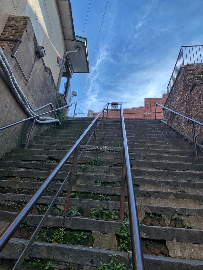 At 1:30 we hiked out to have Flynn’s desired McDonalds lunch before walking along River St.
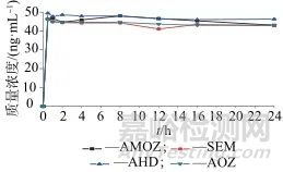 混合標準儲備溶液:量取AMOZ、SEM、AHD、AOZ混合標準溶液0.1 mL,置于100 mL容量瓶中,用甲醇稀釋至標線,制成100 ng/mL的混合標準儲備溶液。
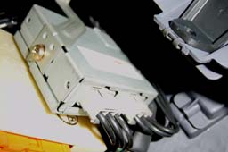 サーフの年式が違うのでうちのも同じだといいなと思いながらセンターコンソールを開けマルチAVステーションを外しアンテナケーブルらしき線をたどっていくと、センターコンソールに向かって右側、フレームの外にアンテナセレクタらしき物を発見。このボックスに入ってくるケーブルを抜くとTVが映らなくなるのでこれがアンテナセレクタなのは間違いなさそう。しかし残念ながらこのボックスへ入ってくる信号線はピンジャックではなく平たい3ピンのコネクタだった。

....

• [PROBLEM STATEMENT] Keep the pictures out while you retype all of the data above exactly as it appears.

• [RESPONSE TO THE EXERCISE]
 At 1:30 we hiked out to have Flynn’s desired McDonalds lunch before walking along River St.
 混合標準儲備溶液:量取AMOZ、SEM、AHD、AOZ混合標準溶液0.1 mL,置于100 mL容量瓶中,用甲醇稀釋至標線,制成100 ng/mL的混合標準儲備溶液。
 サーフの年式が違うのでうちのも同じだといいなと思いながらセンターコンソールを開けマルチAVステーションを外しアンテナケーブルらしき線をたどっていくと、センターコンソールに向かって右側、フレームの外にアンテナセレクタらしき物を発見。このボックスに入ってくるケーブルを抜くとTVが映らなくなるのでこれがアンテナセレクタなのは間違いなさそう。しかし残念ながらこのボックスへ入ってくる信号線はピンジャックではなく平たい3ピンのコネクタだった。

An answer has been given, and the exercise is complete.